Барбара все еще продолжала улыбаться.
— Конечно, она могла бы понять, если бы я ехала с графом. Европейцы в этом вопросе совсем другие. Но с простым мистером...
Чезаре перебил ее:
— Ты знаешь, что я думаю? Она посмотрела на него, широко раскрыв глаза.
— Нет. А что?
Боль в его пояснице становилась невыносимой. Он взял ее руку и положил на напрягшуюся мышцу бедра. Улыбка неожиданно пропала с ее лица, когда она почувствовала его напряженное состояние. Он повернул к ней лицо, и на мгновение в его глазах мелькнула мировая скорбь. Затем над ними вновь опустилась завеса.
— Думаю, твоя мама просто сноб, — сказал он.
Она рассмеялась, и они замолчали; Чезаре повернул машину в Мидлтаун-туннель, направляя ее к аллеям аэропорта. Он вел машину автоматически, инстинктивно, а его мысли постоянно возвращались на Сицилию, к своему дому. Он был там всего лишь несколько недель назад, но казалось, что прошли годы.

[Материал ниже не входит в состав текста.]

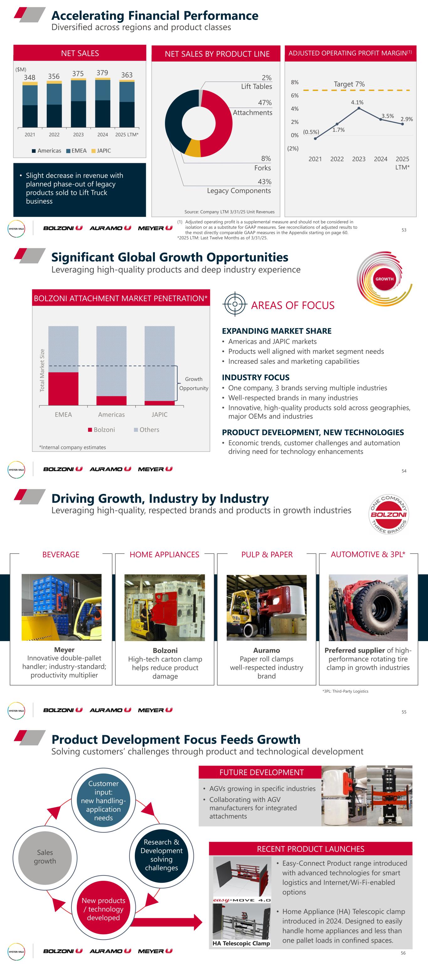 ADJUSTED OPERATING PROFIT MARGIN(1) (0.5%) 1.7% 4.1% 3.5% 2.9% (2%) 0% 2% 4% 6% 8% 2021 2022 2023 2024 2025 LTM* NET SALES BY PRODUCT LINE Diversified across regions and product classes Accelerating Financial Performance 53 NET SALES • Slight decrease in revenue with planned phase-out of legacy products sold to Lift Truck business Target 7% 348 356 375 379 363 2021 2022 2023 2024 2025 LTM* 47% Attachments 2% Lift Tables 8% Forks 43% Legacy Components Source: Company LTM 3/31/25 Unit Revenues ($M) (1) Adjusted operating profit is a supplemental measure and should not be considered in isolation or as a substitute for GAAP measures. See reconciliations of adjusted results to the most directly comparable GAAP measures in the Appendix starting on page 60. *2025 LTM: Last Twelve Months as of 3/31/25. BOLZONI ATTACHMENT MARKET PENETRATION* Leveraging high-quality products and deep industry experience Significant Global Growth Opportunities 54 EMEA Americas JAPIC To ta l M ar ke t Si ze Bolzoni Others AREAS OF FOCUS EXPANDING MARKET SHARE • Americas and JAPIC markets • Products well aligned with market segment needs • Increased sales and marketing capabilities INDUSTRY FOCUS • One company, 3 brands serving multiple industries • Well-respected brands in many industries • Innovative, high-quality products sold across geographies, major OEMs and industries PRODUCT DEVELOPMENT, NEW TECHNOLOGIES • Economic trends, customer challenges and automation driving need for technology enhancements Growth Opportunity *Internal company estimates GROWTH AUTOMOTIVE & 3PL* Preferred supplier of high- performance rotating tire clamp in growth industries PULP & PAPER Auramo Paper roll clamps well-respected industry brand HOME APPLIANCES Bolzoni High-tech carton clamp helps reduce product damage BEVERAGE Meyer Innovative double-pallet handler; industry-standard; productivity multiplier Leveraging high-quality, respected brands and products in growth industries 55 Driving Growth, Industry by Industry *3PL: Third-Party Logistics • Easy-Connect Product range introduced with advanced technologies for smart logistics and Internet/Wi-Fi-enabled options • Home Appliance (HA) Telescopic clamp introduced in 2024. Designed to easily handle home appliances and less than one pallet loads in confined spaces. Solving customers’ challenges through product and technological development Product Development Focus Feeds Growth 56 Sales growth Research & Development solving challenges New products / technology developed Customer input: new handling- application needs • AGVs growing in specific industries • Collaborating with AGV manufacturers for integrated attachments FUTURE DEVELOPMENT RECENT PRODUCT LAUNCHES HA Telescopic Clamp
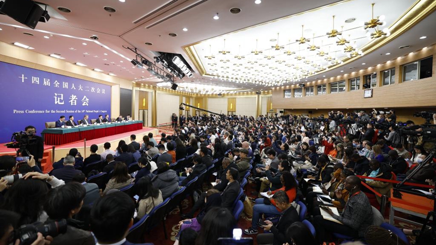 • 6日下午,十四屆全國人大二次會議經濟主題記者會在北京梅地亞中心舉行。來自國家發展改革委、財政部、商務部、中國人民銀行、證監會的5位部門主要負責人,回應經濟熱點話題,詳解政策未來走向。
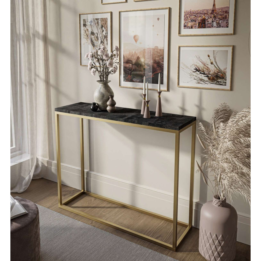Nowoczesna konsola MODERN to idealna propozycja do pełnych elegancji wnętrz. Nietuzinkowy blat wykonany z płyty imitującej ciemny beton doskonale współgra z geometrycznym, wysokim stelażem o złotej barwie.
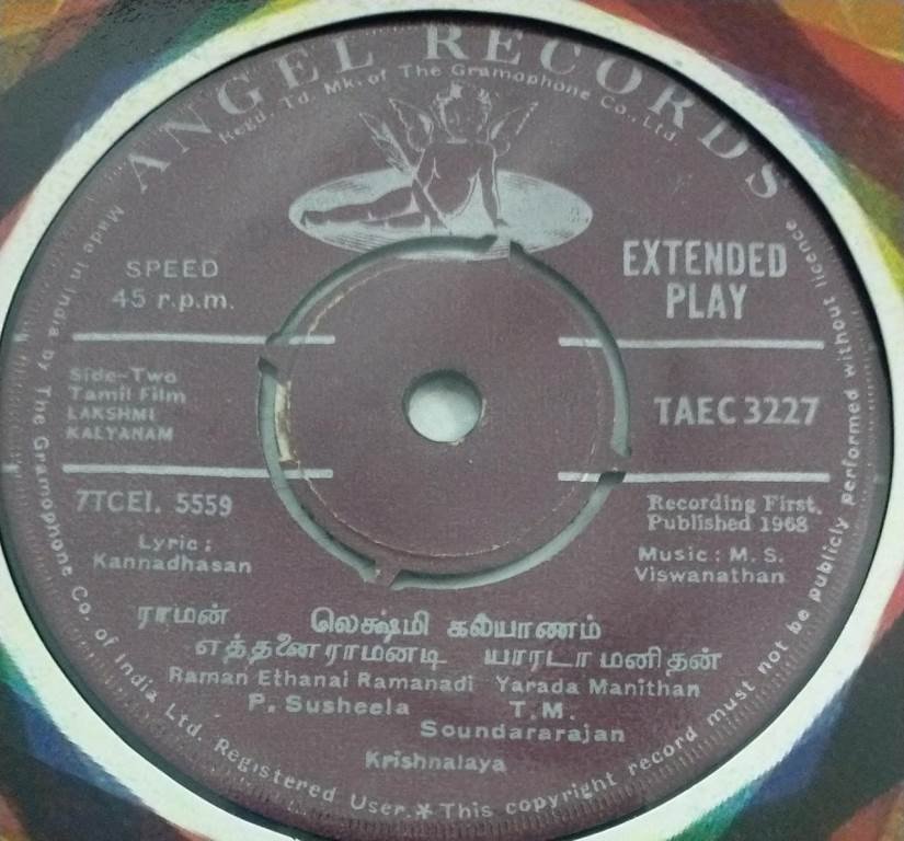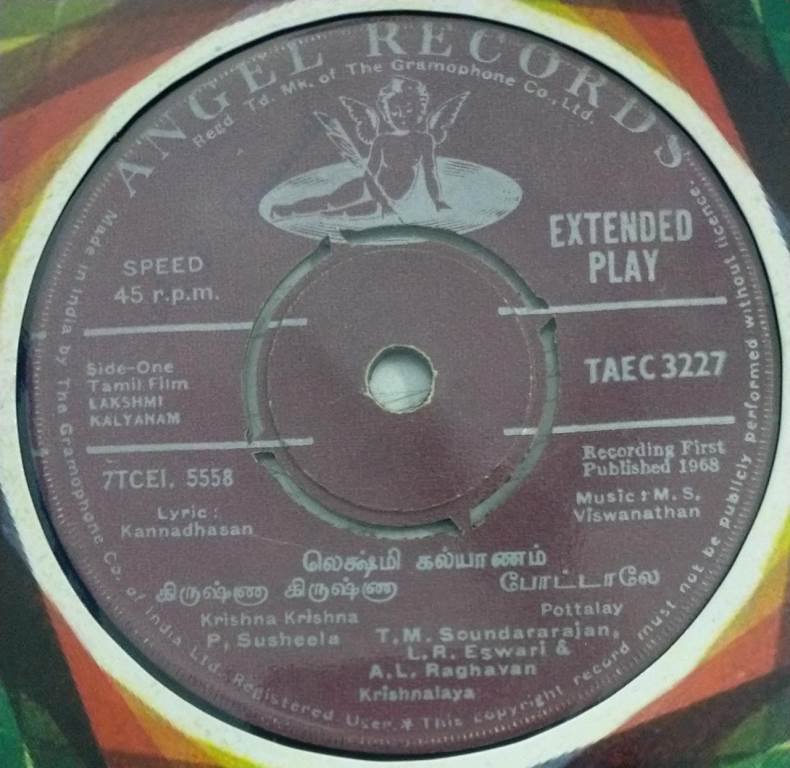 Lakhmi Kalyanam Tamil Film EP Vinyl Record by M S Viswanathan

Как однажды дон Эмилио назвал его дядю? Шейлок. Он усмехнулся про себя, подумав, что бы сейчас дон Эмилио сказал о нем.
Человек, оставшийся лежать мертвым, представляет собой лишь главную плату в счет его долга. Двое следующих составят проценты, набежавшие за двенадцать лет. Три жизни за одну.
Он вспомнил, как это было той ночью, когда дон Эмилио изложил свое предложение.